EXERCISE BRIEF
Every line of the data below is to be duplicated exactly, pictures excepted.

MATERIAL PROVIDED
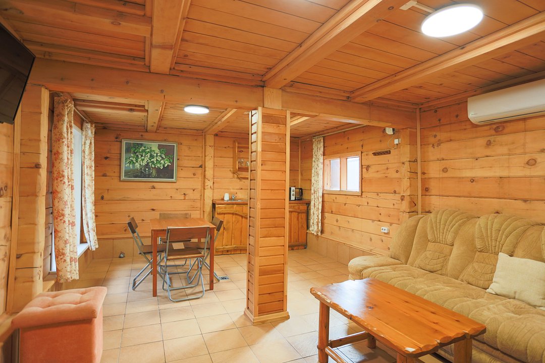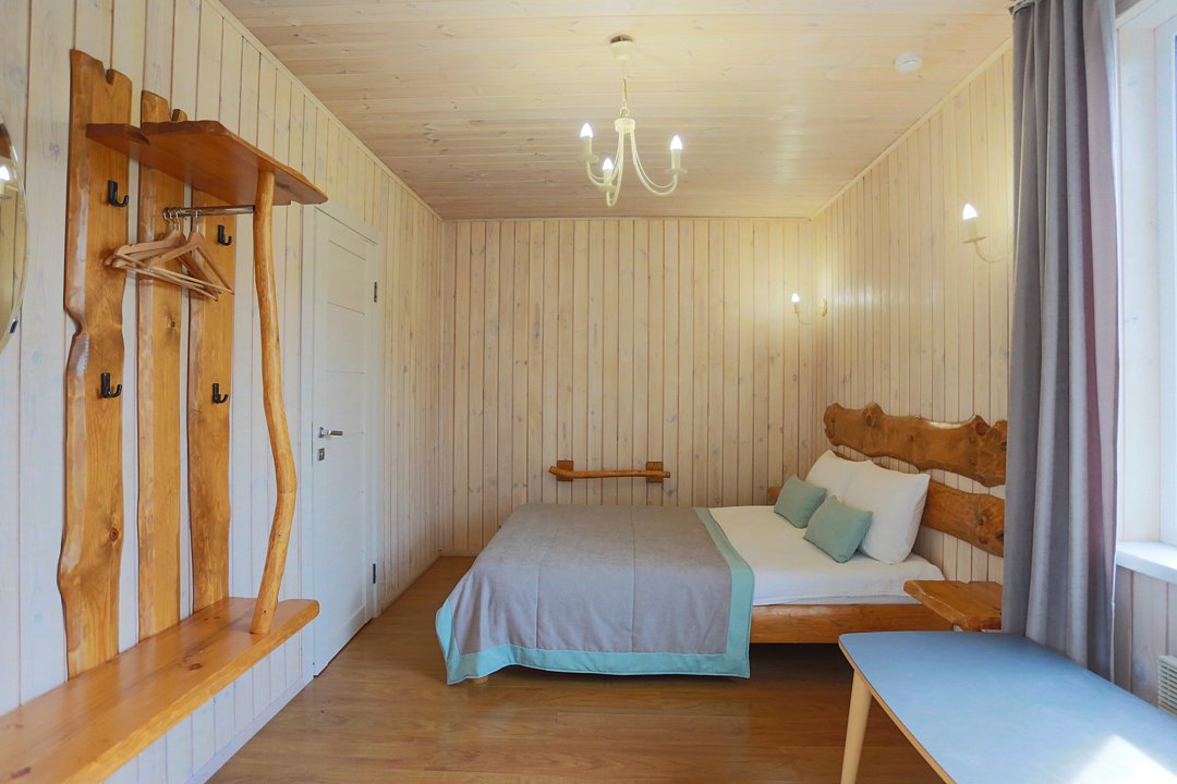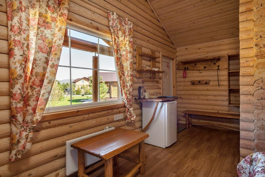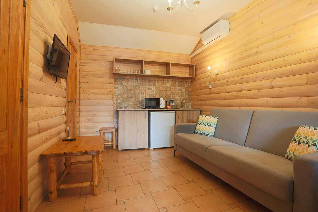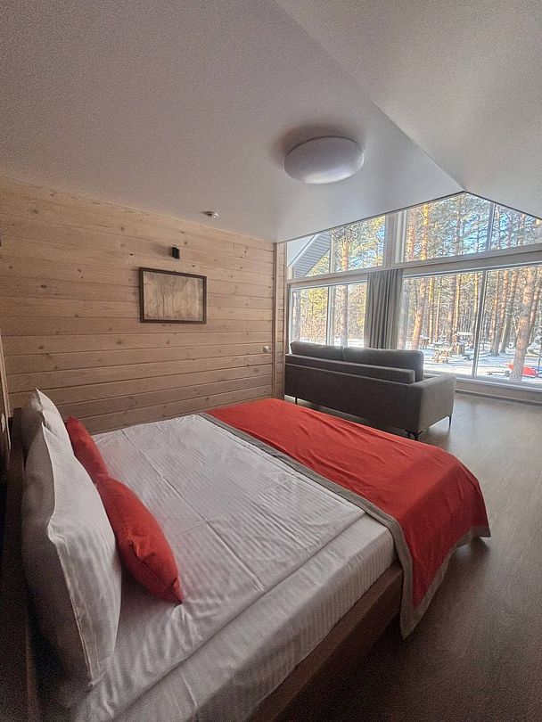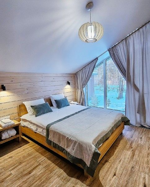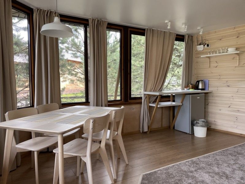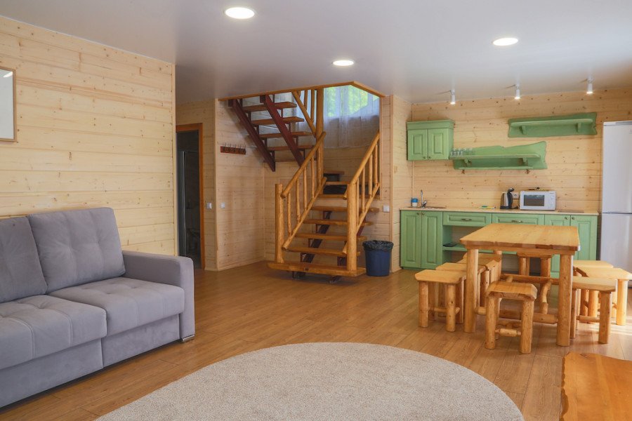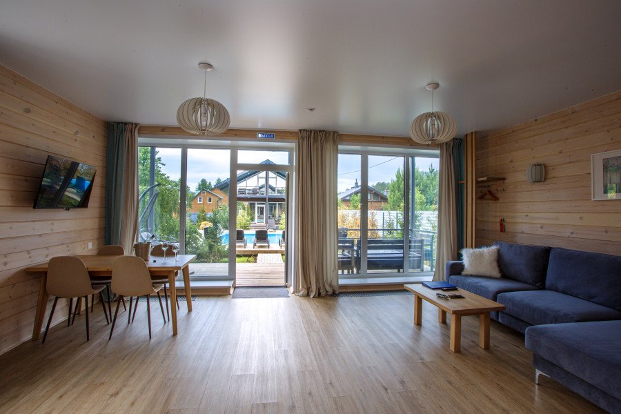 В коттедже есть отдельная спальня, уютный зал с кухонной зоной, холодильник и сейф. Интерьер украшен мебелью ручной работы, а панорамные тонированные окна наполняют пространство светом и ощущением простора.
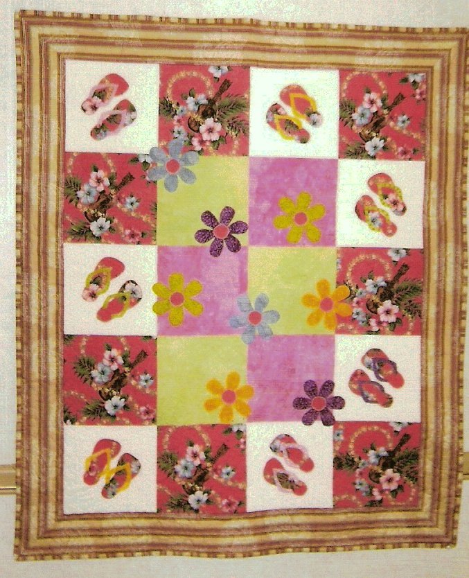 arlijohn Madison's Flipflops and Flowers - This baby quilt incorporates Hawaiian print and hand dyed fabric. Simple baby quilt made for friends. I designed quilt wanting to feature flipflops because I had seen some flipflop quilts and because I knew this would be an outdoor girl.
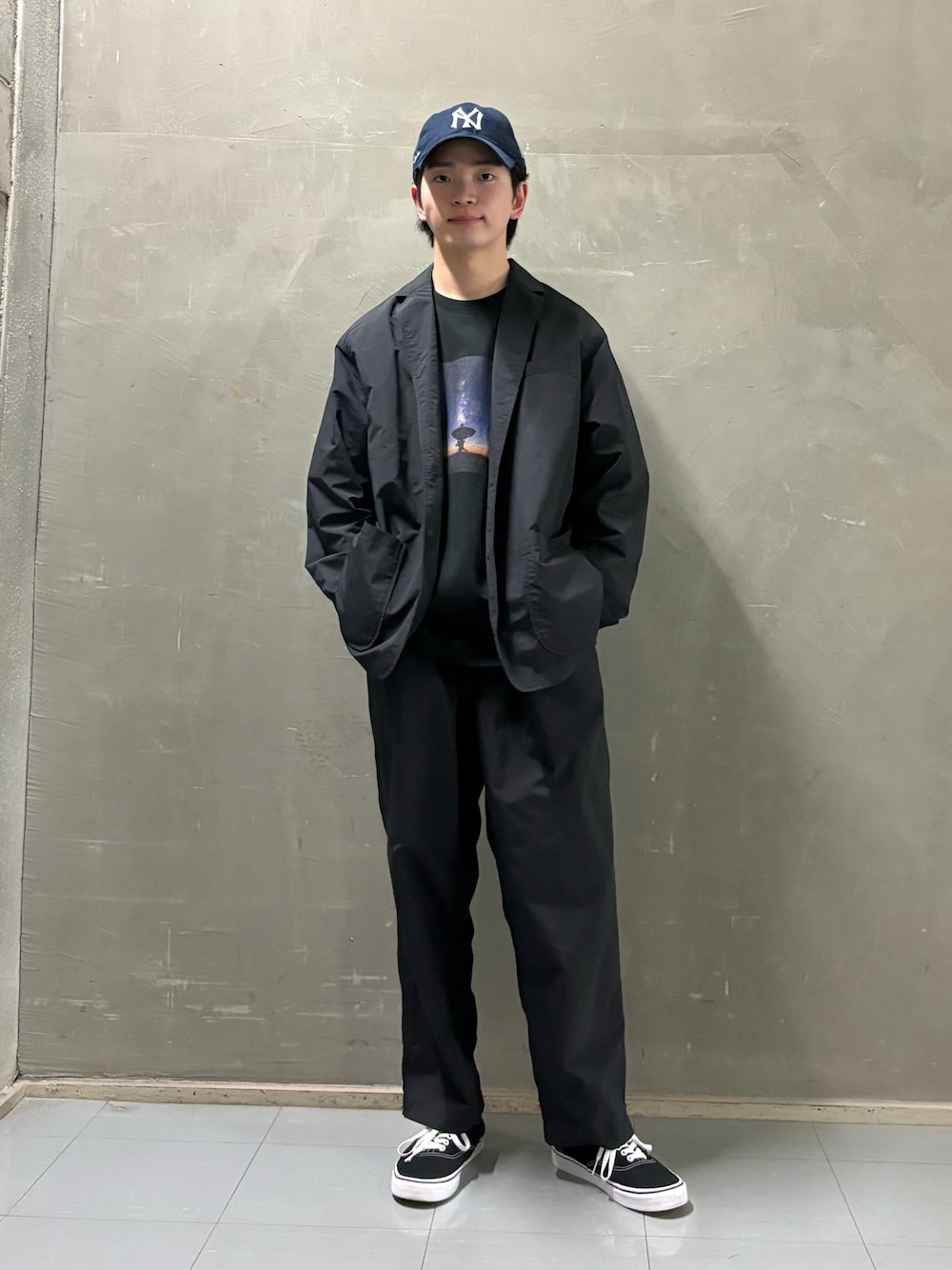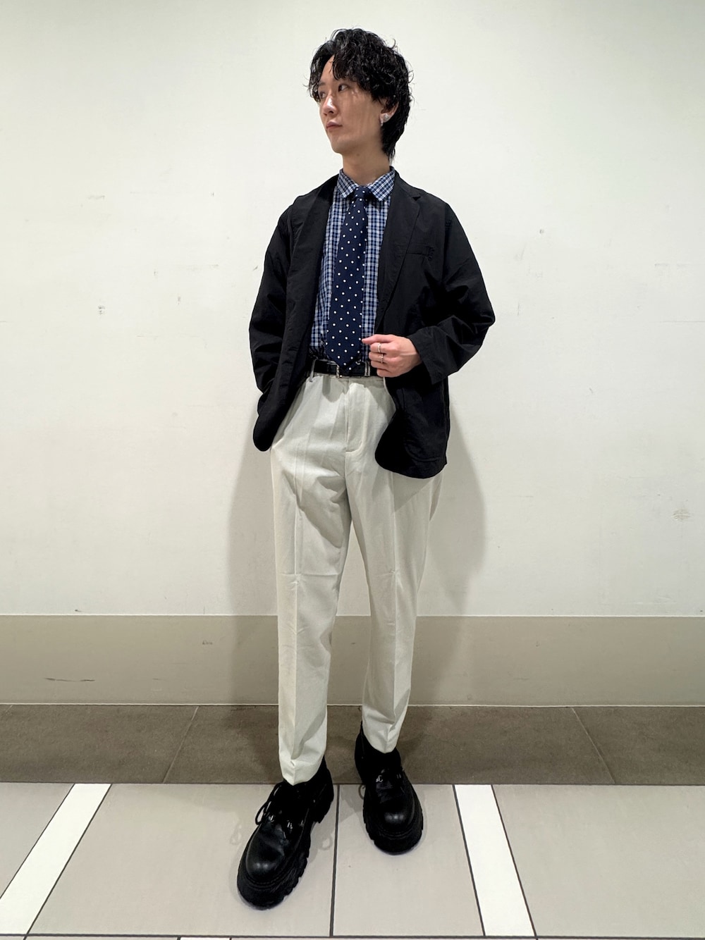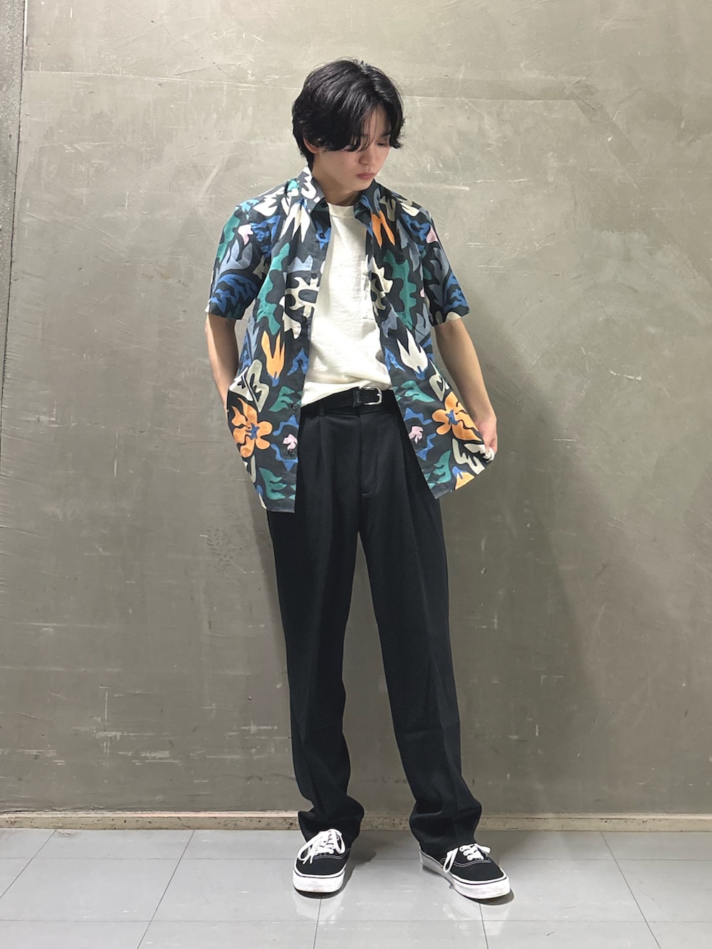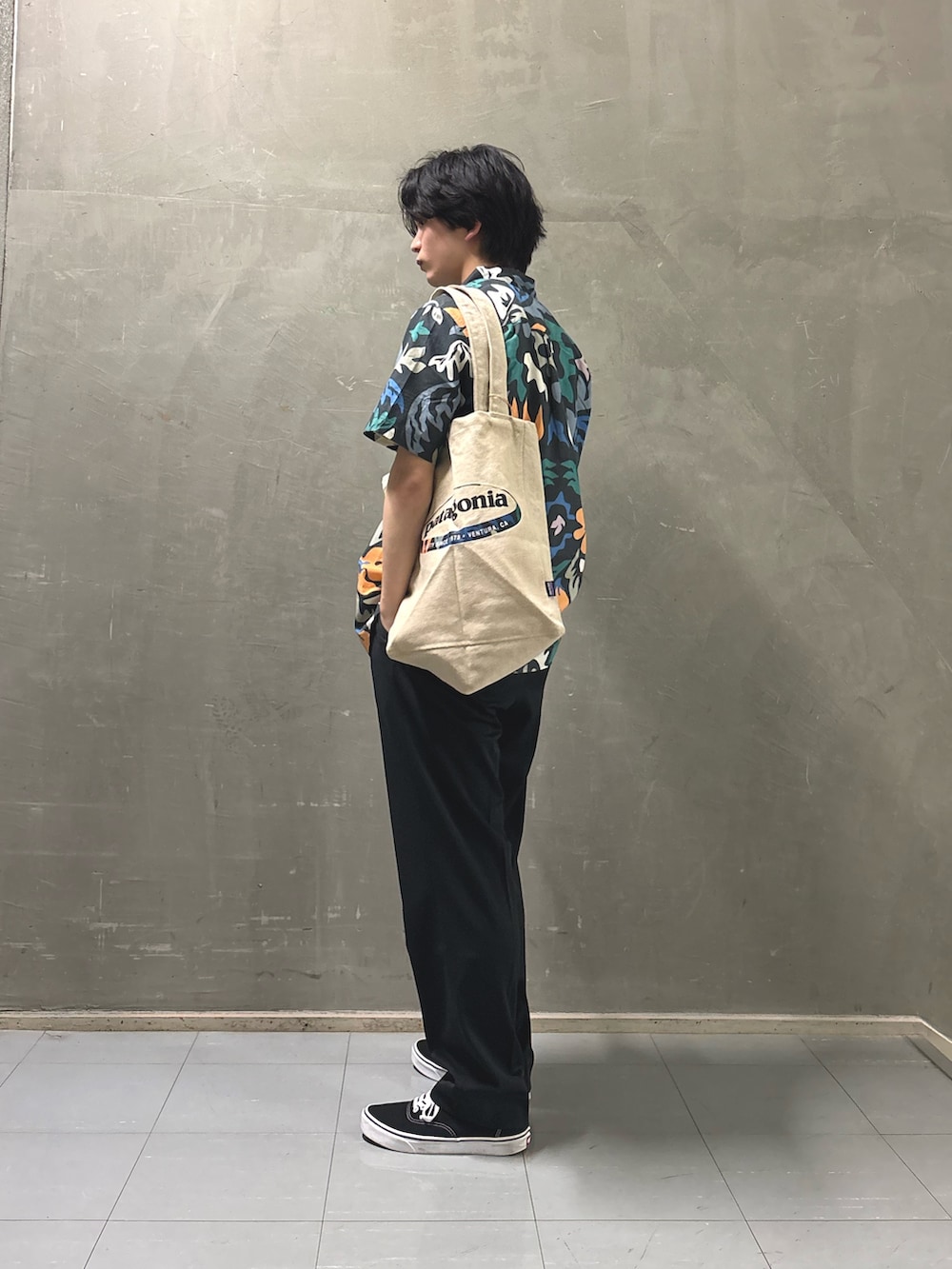 一見、主張が強く見える柄シャツですが、やや細身の黒パンツで引き締めることで、柄の良さを主役にしつつクリーンにまとめています。さらにアイボリーのトートバッグで明るさを取り入れ、全体が重くなりすぎない絶妙なバランスに仕上げました。

TASK ANSWER
 В коттедже есть отдельная спальня, уютный зал с кухонной зоной, холодильник и сейф. Интерьер украшен мебелью ручной работы, а панорамные тонированные окна наполняют пространство светом и ощущением простора.
 arlijohn Madison's Flipflops and Flowers - This baby quilt incorporates Hawaiian print and hand dyed fabric. Simple baby quilt made for friends. I designed quilt wanting to feature flipflops because I had seen some flipflop quilts and because I knew this would be an outdoor girl.
 一見、主張が強く見える柄シャツですが、やや細身の黒パンツで引き締めることで、柄の良さを主役にしつつクリーンにまとめています。さらにアイボリーのトートバッグで明るさを取り入れ、全体が重くなりすぎない絶妙なバランスに仕上げました。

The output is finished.